Un artículo de José Luis VALER MURILLO, colaborador de la Agencia Estatal de Meteorología (AEMET), Delegación Territorial en Castilla y León
Los exoplanetas, que orbitan tan cerca de sus estrellas que parecen rozarlas, presentan condiciones extremas. Estos cuerpos celestes poseen periodos orbitales de pocas horas, lo que provoca que sus superficies se encuentren fundidas, formando auténticos océanos de lava. Las temperaturas en estos planetas pueden superar el punto de ebullición del hierro, generando un magma altamente dinámico debido a los intensos efectos de las mareas. Desde su superficie, los soles se observan como enormes discos incandescentes.
Palabras clave: exoplanetas; planetas de lava.
El origen de estos planetas ha sido objeto de numerosas especulaciones. La evidencia sugiere que muchos son núcleos metálicos de planetas gaseosos que han perdido sus elementos volátiles. Generalmente, estos planetas tienen una alta densidad, en gran parte por su elevado contenido de hierro. Sin embargo, algunos presentan densidades similares a la Tierra. Se han identificado gigantes gaseosos cercanos a sus estrellas que han sufrido una considerable pérdida de masa, incluso mostrando colas de gases arrastrados por vientos estelares. Este proceso puede durar miles de millones de años y afecta la órbita del planeta conforme pierde masa.
Cuando un gigante gaseoso se encuentra muy próximo a su estrella, disminuye tanto su velocidad orbital como la distancia a la misma con el tiempo. Esto explica la existencia de planetas de lava en posiciones tan cercanas a sus estrellas y con periodos orbitales extremadamente cortos. La masa de estos planetas varía entre 2 y 10 veces la masa terrestre, aunque existen casos con masas mucho menores.
Entre los exoplanetas más conocidos se encuentran Corot-7b, Kepler-10b, Kepler-78b, K2-141b y BD+05 4868Ab.
Corot-7b, ubicado a aproximadamente 490 años luz de la Tierra, tiene un diámetro cercano a los 20,000 km y una masa 4.8 veces mayor que la terrestre. Su periodo orbital es de 20 horas y 29 minutos. A solo 1/23 parte de la distancia entre Mercurio y el Sol, el hemisferio iluminado alcanza temperaturas alrededor de 2200 °C, mientras que el lado oscuro se enfría hasta -225 °C debido a su rotación sin atmósfera significativa.

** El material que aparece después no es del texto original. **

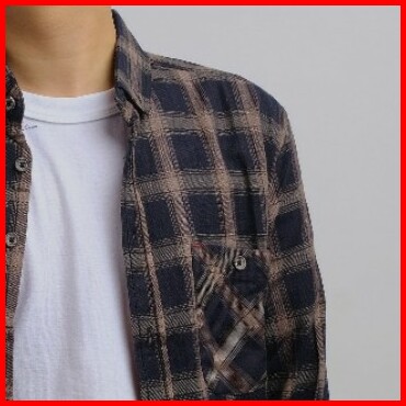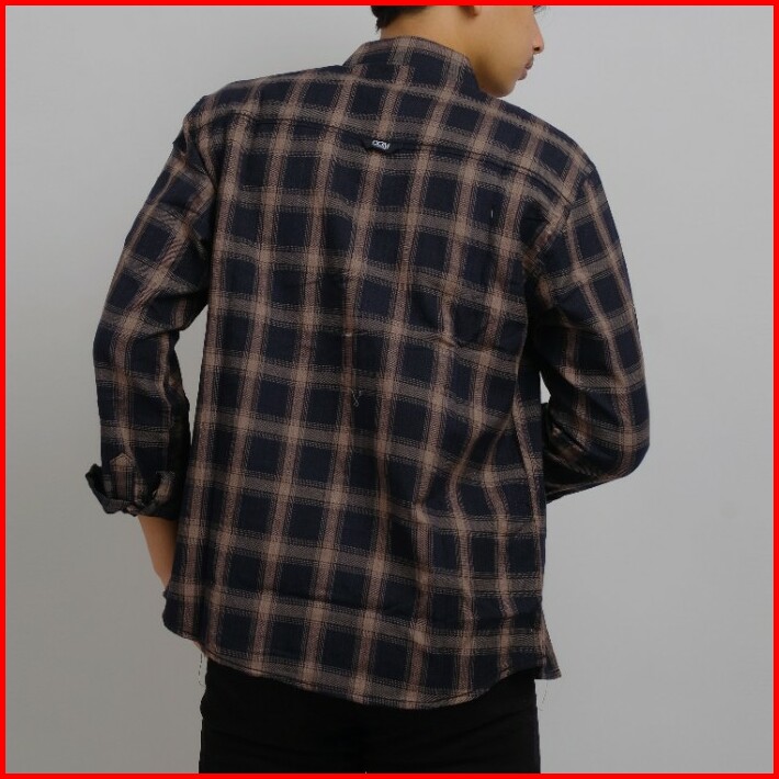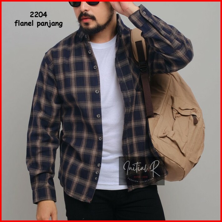 Kemeja Flanel Lengan Panjang Pria Casual Navy

Kepler-10b, descubierto en 2010 por la misión Kepler, se encuentra a unos 608 años luz y orbita muy cerca de una estrella similar al Sol. Con un periodo orbital inferior a un día terrestre (0.84 días), su temperatura en el hemisferio iluminado puede alcanzar los 2000 °C. Su densidad es superior a la del hierro, sugiriendo una composición rica en este elemento.
Kepler-78b, descubierto en 2013, orbita alrededor de una estrella ligeramente menos masiva que el Sol y tiene un periodo orbital impresionante: solo ocho horas y media. Su temperatura puede llegar hasta los 3000 °C en el lado iluminado.

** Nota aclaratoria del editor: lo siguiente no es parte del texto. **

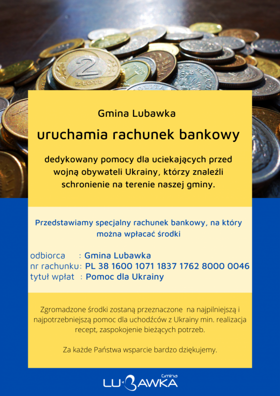 Gmina Lubawka uruchomiła specjalny rachunek bankowy, na który migą Państwo wpłacać darowizny dla uciekajacych przed wojną obywateli Ukrainy.

K2-141b, hallado en 2018, presenta un periodo orbital ultracorto de apenas 6.7 horas y es considerado una supertierra con características similares a las anteriores.
BD+05 4868 Ab, descubierto recientemente en 2025 por el satélite TESS, es notable por ser el planeta más ligero mencionado aquí; su masa es comparable a la Luna y está experimentando un proceso acelerado de desintegración debido a su proximidad extrema a su estrella.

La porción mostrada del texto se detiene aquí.